When you carry out a market research you have to handle any questions, positive and sometimes negative feedback. Of course, hearing negative impressions regarding your innovation is never easy and a lot of businesses make the mistake of not knowing how to deal with negative feedback. After years of experience, here at UMI we’ve come to realize that negative feedback can easily be turned into positive insights for your innovation.

#1 Creating value with information

You have to see negative feedback as informative. Whether it is for B2C or B2B purpose, the same rule applies.

If you have to face negative feedback from surveyed professionals regarding your project don’t take it as a personal attack. They are not judging you, but your product and its specificity.

Negative comments have real value only if they are perfectly objective. Remember that you have to survey qualified professionals to carry out an effective market research. That means that you can’t put in doubt their impartiality. Therefore, their feedback is absolutely reliable. See this as a challenge and openly accept the information as a solution.

 

#2 Going further with market research 

No doubt, you are an expert in your sector, you know your project like the back of your hand and you already more or less know what you are doing. Negative feedback can help you do what it takes to get to the top of your game. Intuitively, positive feedback merely tells you what you already know while negative feedback offers the key to getting ahead. Indeed it tells you where you need to spend your effort, and offers insight into how you might improve. Plus, it gives you fresh ideas, new specificities and help you identify opportunities that you might otherwise not have noticed.

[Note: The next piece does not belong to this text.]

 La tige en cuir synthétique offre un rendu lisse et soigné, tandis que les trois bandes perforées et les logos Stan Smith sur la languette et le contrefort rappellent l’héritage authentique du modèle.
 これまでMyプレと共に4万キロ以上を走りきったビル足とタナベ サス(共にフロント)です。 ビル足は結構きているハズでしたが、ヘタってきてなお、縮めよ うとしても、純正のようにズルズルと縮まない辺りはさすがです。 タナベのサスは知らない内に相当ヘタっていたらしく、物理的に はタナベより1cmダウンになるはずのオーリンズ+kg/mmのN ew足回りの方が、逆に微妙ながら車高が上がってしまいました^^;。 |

#3 Improve your understanding of the market

Negative comments identify marketing challenges

With these negative insights, you can get to the root of the problem regarding technical but also marketing challenges. Indeed, it gives you the clue of what the market didn’t like about your innovation.

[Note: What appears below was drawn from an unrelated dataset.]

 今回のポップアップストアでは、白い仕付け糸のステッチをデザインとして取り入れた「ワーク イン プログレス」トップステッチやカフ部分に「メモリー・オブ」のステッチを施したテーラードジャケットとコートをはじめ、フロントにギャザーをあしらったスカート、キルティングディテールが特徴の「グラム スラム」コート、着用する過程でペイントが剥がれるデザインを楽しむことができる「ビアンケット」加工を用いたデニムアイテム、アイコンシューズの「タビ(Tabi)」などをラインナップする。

  1. you know what to look out for in the next product
  2. you are given a detailed blueprint of what your targeted customer wants/needs.

Then you will have rich data to make informed decisions and to better position you market.

#4 Saved by the bell

Would you prefer to know more about the actions you take that are effective, or about the actions you take that are not? If a big majority of qualified professionals tells you that your innovation won’t be a success, they actually give you a big opportunity. Imagine you plan to spend years and years and invest a lot of money in a project, and all the surveyed professionals tell you that it won’t fit in any market.

You have tow choices:

  • Go all-out and keep on this same path hoping the future takes care of itself.
  • Consider this negative feedback and act in order to rethink your product and its market potential.

Your company can use these insights to refine your products before you commit to expensive production costs.

Conclusion

If you want to grasp a market research in a more positive manner, consider negative feedback like it just might give you the information you need to take your project to the next level. So remember to look on the bright side of things to turn your negative comments into positive value.